Government-sponsored mortgage backer Freddie Mac posted a $2.9 billion profit in the third quarter, the Wall Street Journal reported, enabling it to make a dividend payment of $1.8 billion to the U.S. Treasury for its taxpayer-financed bailout. That marks Freddie’s fourth-consecutive quarterly gain, and stands in stark contrast to its loss of $4.4 billion in the third quarter of last year. It’s also the second consecutive quarter in which Freddie has not needed any assistance from the government. Fannie Mae, meanwhile, posted a $1.8 billion profit in the third quarter and paid $2.9 billion in dividends to the Treasury, Reuters reported. The profit compares with a loss of $5.1 billion a year ago.
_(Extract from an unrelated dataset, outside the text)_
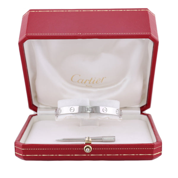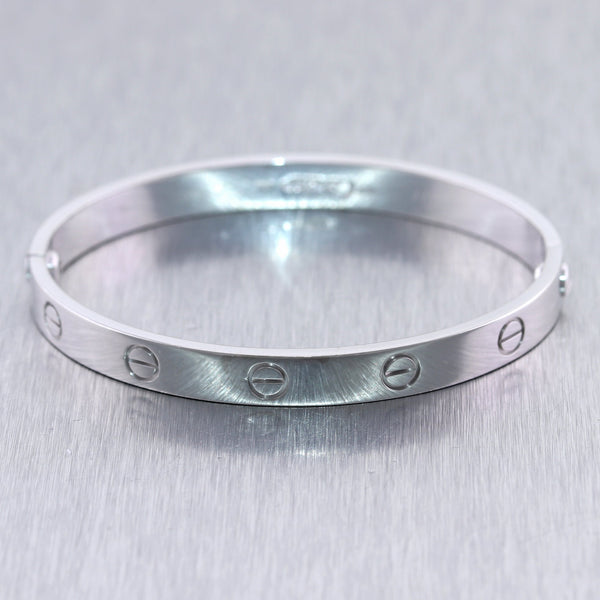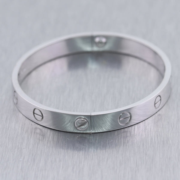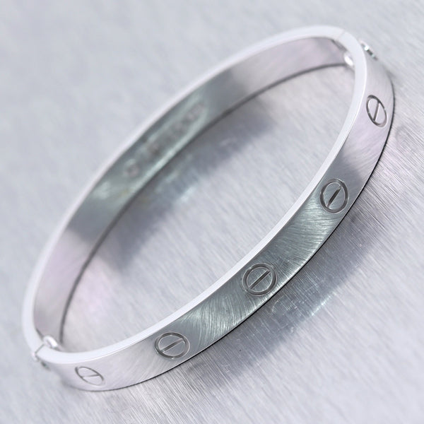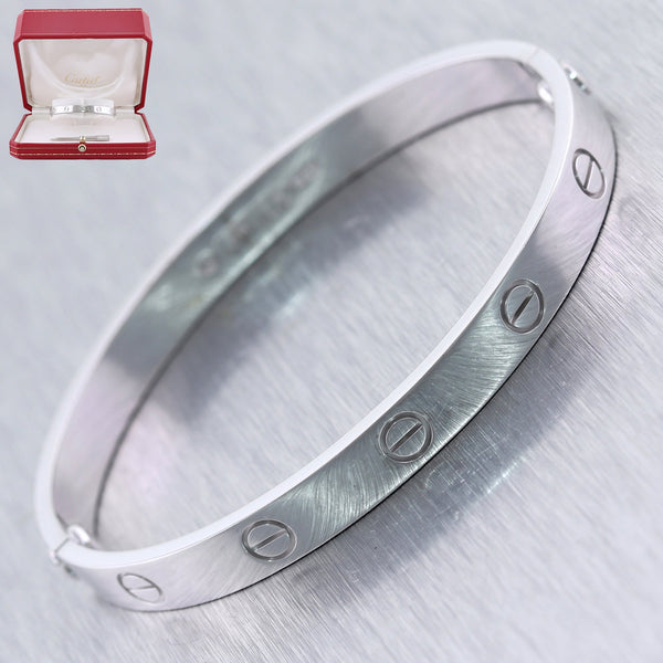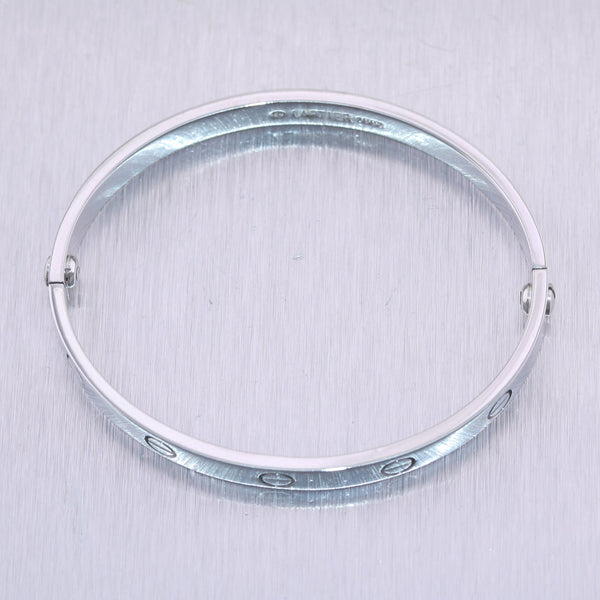 For your consideration, an authentic Cartier 18k White Gold Old Style Love Bangle Bracelet Size 17 Box. Comes complete with all Original Cartier Box, and Screw Driver. This is a Size 17

For both GSEs, the gains were prompted by stabilizing home prices and stronger demand for housing. “We continue to see home prices improve again in the third quarter, albeit not nearly at the level they did in the second quarter. That is the single biggest driver in the results,” Susan McFarland, Fannie Mae’s chief financial officer, told Reuters.

 

Gair to head post-Sandy housing recovery in NYC

Brad Gair

In the wake of Superstorm Sandy, Mayor Michael Bloomberg last month appointed Brad Gair, former deputy commissioner at the New York City Office of Emergency Management, as the city’s director of Housing Recovery Operations. Gair’s primary responsibility is to create an inventory of temporary housing for New Yorkers displaced by the storm. Gair previously served as recovery officer for the Federal Emergency Management Agency after the attacks of Sept. 11, according to Newsday.

 

Feds crack down on mortgage ads

The Consumer Financial Protection Bureau and Federal Trade Commission last month announced a crackdown on mortgage advertisements, the Wall Street Journal reported. The agencies sent out warning letters about problematic ads to dozens of lenders, home builders, advertisers and brokers, and launched investigations in cases that raise more significant concerns. After scrutinizing some 800 mortgage ads, regulators found that some firms with no affiliation to the government added “Government Loan Department” to their return addresses. The regulators said they also found too-good-to-be-true promises of low interest rates and ads that falsely suggested that consumers had been preapproved to receive large sums of cash.

 

Cuomo: No hurricane deductibles for New Yorkers

Governor Cuomo

The New York State Department of Financial Services informed the insurance industry last month that “hurricane deductibles” would not be triggered by Superstorm Sandy, the Daily News reported. Because the storm did not have sustained hurricane-force winds when it hit in New York, Gov. Andrew Cuomo announced, homeowners will not have to pay hurricane deductibles, which often amount to 1 to 5 percent of a home’s value. The insurance industry in New York is state regulated, Reuters reported, so insurance policy language on hurricane provisions must be approved by the Department of Financial Services. “That is good news for New Yorkers,” New York State Superintendent of Financial Services Benjamin Lawsky told the Daily News. “It means they will have to pay less out of pocket.” But New Yorkers whose homes were flooded by Sandy face larger problems: Homeowners insurance typically covers damage from wind, but not flooding.